§ Work request
Drop all images. Then write out each line below exactly as given.

[[ Supplied information open ]]

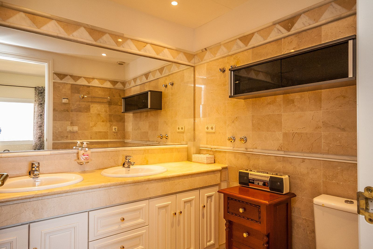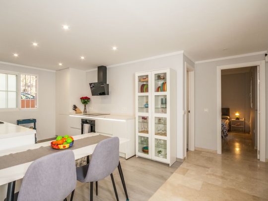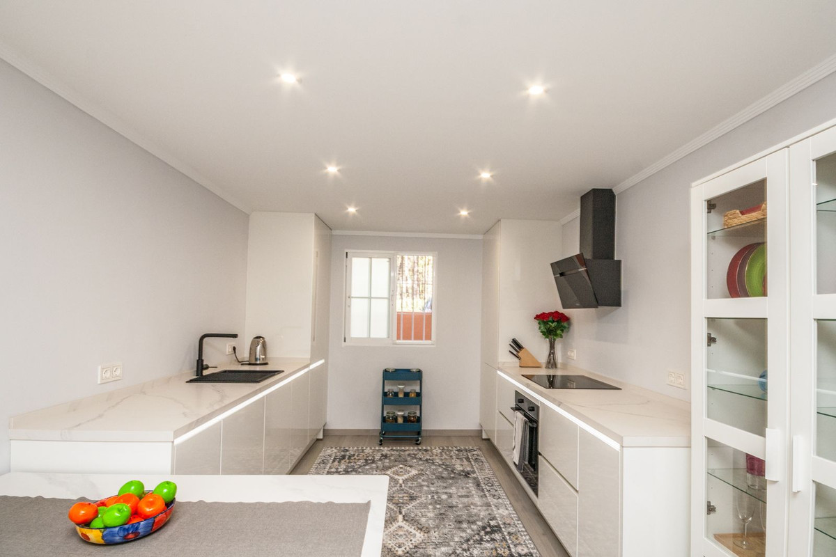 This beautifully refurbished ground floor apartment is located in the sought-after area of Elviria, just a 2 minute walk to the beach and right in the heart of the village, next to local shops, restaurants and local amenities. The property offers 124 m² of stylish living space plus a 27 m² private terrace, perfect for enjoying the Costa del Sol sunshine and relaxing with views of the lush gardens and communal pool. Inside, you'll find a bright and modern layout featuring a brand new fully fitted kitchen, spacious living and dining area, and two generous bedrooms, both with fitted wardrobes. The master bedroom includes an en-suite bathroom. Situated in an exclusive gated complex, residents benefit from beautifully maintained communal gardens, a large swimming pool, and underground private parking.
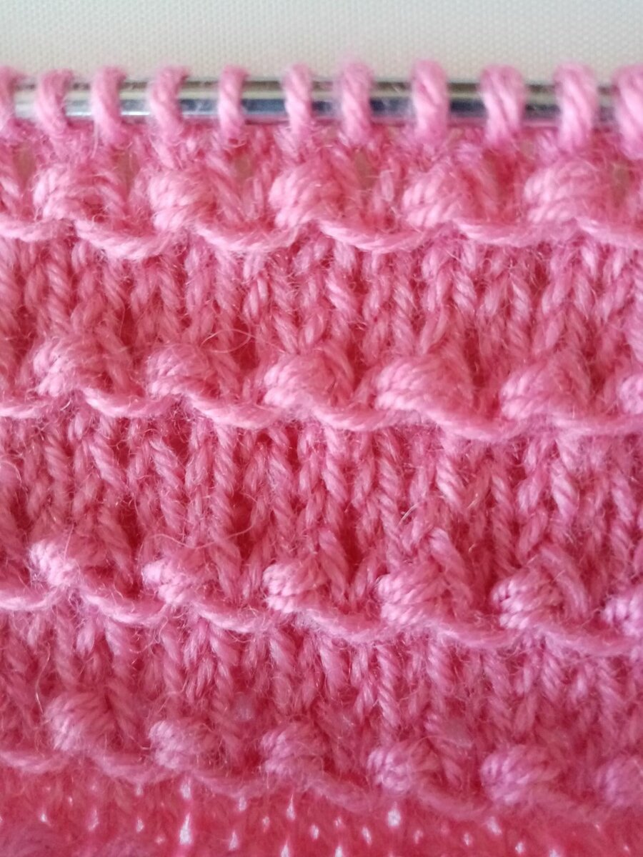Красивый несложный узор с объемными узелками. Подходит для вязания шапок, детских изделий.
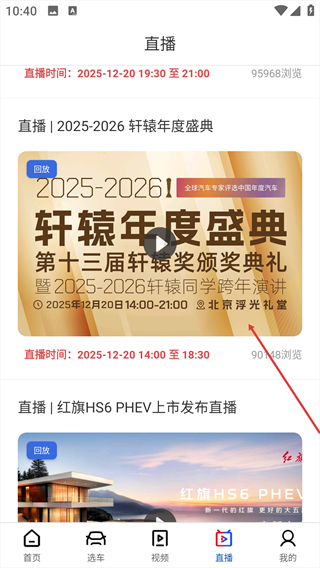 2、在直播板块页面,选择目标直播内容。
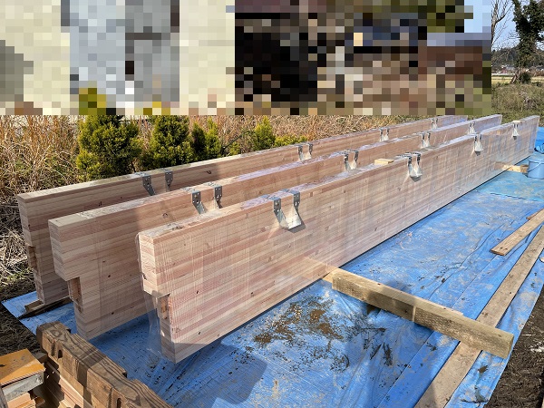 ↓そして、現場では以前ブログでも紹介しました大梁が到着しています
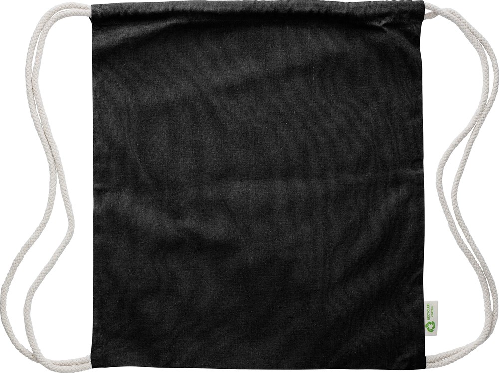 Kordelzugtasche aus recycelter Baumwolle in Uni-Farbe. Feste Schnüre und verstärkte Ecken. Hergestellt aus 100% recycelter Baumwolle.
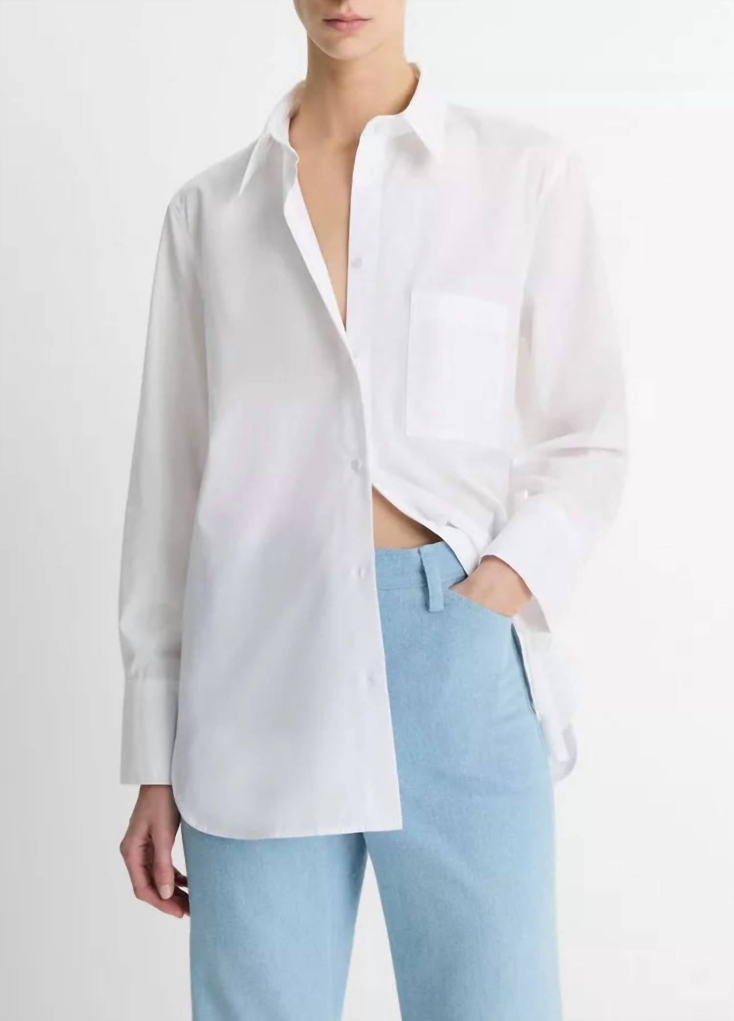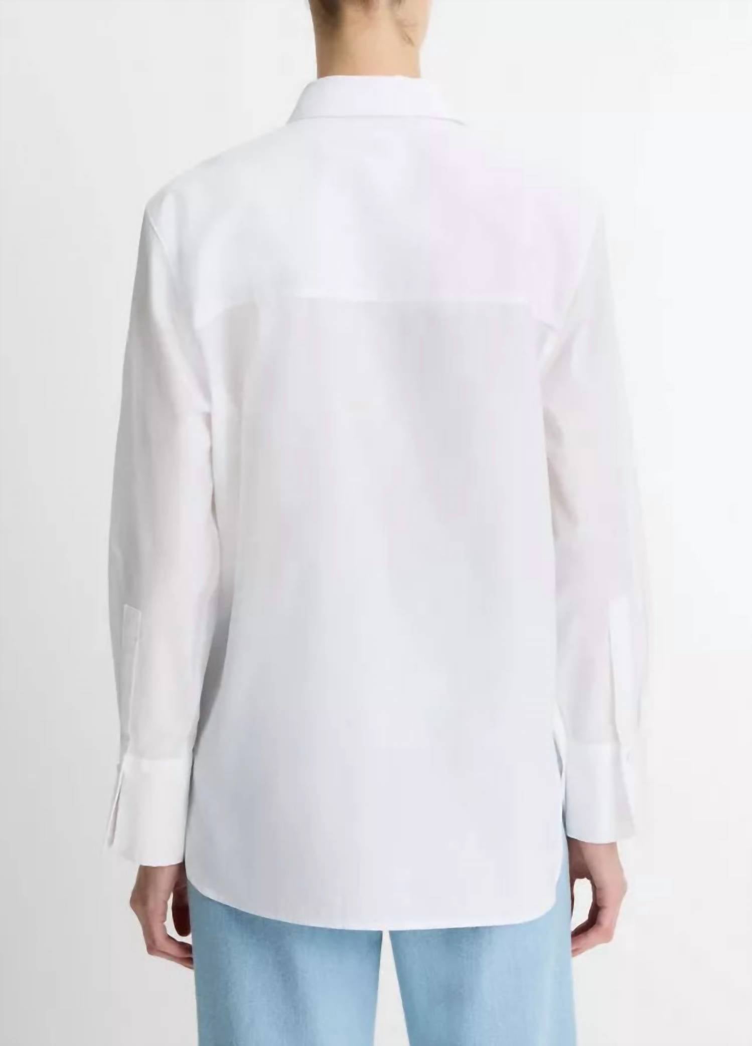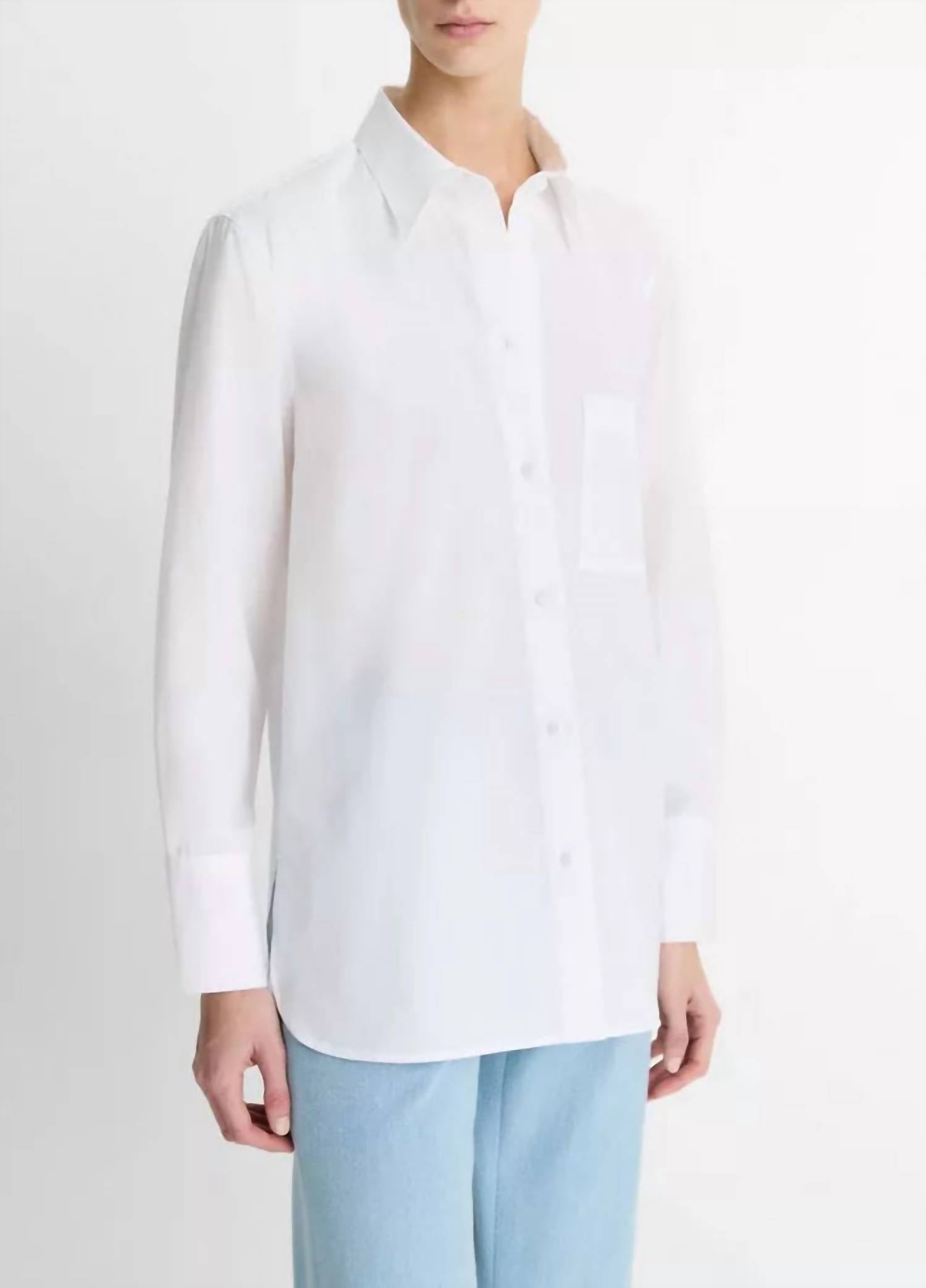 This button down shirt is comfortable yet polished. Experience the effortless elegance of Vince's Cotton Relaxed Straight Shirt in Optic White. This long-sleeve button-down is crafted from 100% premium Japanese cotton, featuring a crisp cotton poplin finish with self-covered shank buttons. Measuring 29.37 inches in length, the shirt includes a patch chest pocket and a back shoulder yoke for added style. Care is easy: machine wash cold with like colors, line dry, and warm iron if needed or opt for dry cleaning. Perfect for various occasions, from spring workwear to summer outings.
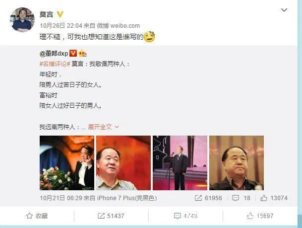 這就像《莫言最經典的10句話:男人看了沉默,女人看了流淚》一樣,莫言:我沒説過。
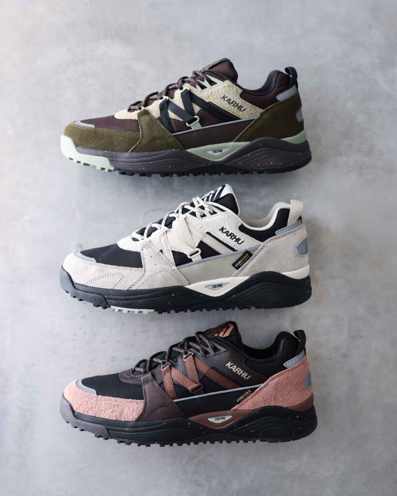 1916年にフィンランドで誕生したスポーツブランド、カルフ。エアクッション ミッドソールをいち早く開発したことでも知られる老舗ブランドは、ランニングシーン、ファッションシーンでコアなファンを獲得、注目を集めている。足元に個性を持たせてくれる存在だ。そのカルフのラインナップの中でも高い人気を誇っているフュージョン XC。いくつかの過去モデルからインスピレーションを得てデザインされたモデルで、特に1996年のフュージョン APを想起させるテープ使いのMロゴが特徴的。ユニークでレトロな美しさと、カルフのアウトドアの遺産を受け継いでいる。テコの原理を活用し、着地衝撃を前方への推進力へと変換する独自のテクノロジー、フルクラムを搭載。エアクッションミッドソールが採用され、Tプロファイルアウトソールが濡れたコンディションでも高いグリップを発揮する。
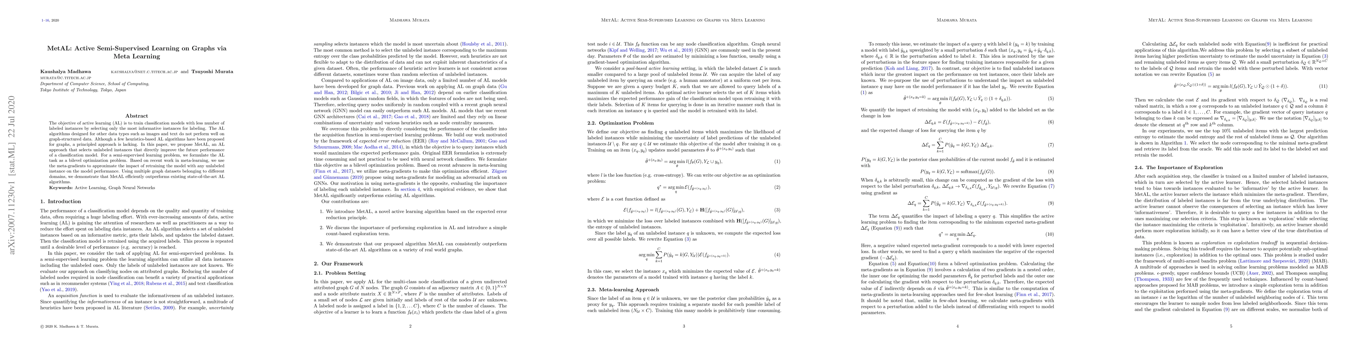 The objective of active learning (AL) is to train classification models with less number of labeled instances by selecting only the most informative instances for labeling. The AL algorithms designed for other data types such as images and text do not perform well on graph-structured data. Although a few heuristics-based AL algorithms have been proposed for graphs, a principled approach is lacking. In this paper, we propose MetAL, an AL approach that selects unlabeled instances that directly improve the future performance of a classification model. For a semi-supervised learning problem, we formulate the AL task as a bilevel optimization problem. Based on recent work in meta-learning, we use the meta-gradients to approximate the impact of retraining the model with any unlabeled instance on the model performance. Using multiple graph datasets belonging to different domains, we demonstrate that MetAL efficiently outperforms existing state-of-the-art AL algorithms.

[[ Supplied information closed ]]

§ Expected output
 This beautifully refurbished ground floor apartment is located in the sought-after area of Elviria, just a 2 minute walk to the beach and right in the heart of the village, next to local shops, restaurants and local amenities. The property offers 124 m² of stylish living space plus a 27 m² private terrace, perfect for enjoying the Costa del Sol sunshine and relaxing with views of the lush gardens and communal pool. Inside, you'll find a bright and modern layout featuring a brand new fully fitted kitchen, spacious living and dining area, and two generous bedrooms, both with fitted wardrobes. The master bedroom includes an en-suite bathroom. Situated in an exclusive gated complex, residents benefit from beautifully maintained communal gardens, a large swimming pool, and underground private parking.
Красивый несложный узор с объемными узелками. Подходит для вязания шапок, детских изделий.
 2、在直播板块页面,选择目标直播内容。
 ↓そして、現場では以前ブログでも紹介しました大梁が到着しています
 Kordelzugtasche aus recycelter Baumwolle in Uni-Farbe. Feste Schnüre und verstärkte Ecken. Hergestellt aus 100% recycelter Baumwolle.
 This button down shirt is comfortable yet polished. Experience the effortless elegance of Vince's Cotton Relaxed Straight Shirt in Optic White. This long-sleeve button-down is crafted from 100% premium Japanese cotton, featuring a crisp cotton poplin finish with self-covered shank buttons. Measuring 29.37 inches in length, the shirt includes a patch chest pocket and a back shoulder yoke for added style. Care is easy: machine wash cold with like colors, line dry, and warm iron if needed or opt for dry cleaning. Perfect for various occasions, from spring workwear to summer outings.
 這就像《莫言最經典的10句話:男人看了沉默,女人看了流淚》一樣,莫言:我沒説過。
 1916年にフィンランドで誕生したスポーツブランド、カルフ。エアクッション ミッドソールをいち早く開発したことでも知られる老舗ブランドは、ランニングシーン、ファッションシーンでコアなファンを獲得、注目を集めている。足元に個性を持たせてくれる存在だ。そのカルフのラインナップの中でも高い人気を誇っているフュージョン XC。いくつかの過去モデルからインスピレーションを得てデザインされたモデルで、特に1996年のフュージョン APを想起させるテープ使いのMロゴが特徴的。ユニークでレトロな美しさと、カルフのアウトドアの遺産を受け継いでいる。テコの原理を活用し、着地衝撃を前方への推進力へと変換する独自のテクノロジー、フルクラムを搭載。エアクッションミッドソールが採用され、Tプロファイルアウトソールが濡れたコンディションでも高いグリップを発揮する。
 The objective of active learning (AL) is to train classification models with less number of labeled instances by selecting only the most informative instances for labeling. The AL algorithms designed for other data types such as images and text do not perform well on graph-structured data. Although a few heuristics-based AL algorithms have been proposed for graphs, a principled approach is lacking. In this paper, we propose MetAL, an AL approach that selects unlabeled instances that directly improve the future performance of a classification model. For a semi-supervised learning problem, we formulate the AL task as a bilevel optimization problem. Based on recent work in meta-learning, we use the meta-gradients to approximate the impact of retraining the model with any unlabeled instance on the model performance. Using multiple graph datasets belonging to different domains, we demonstrate that MetAL efficiently outperforms existing state-of-the-art AL algorithms.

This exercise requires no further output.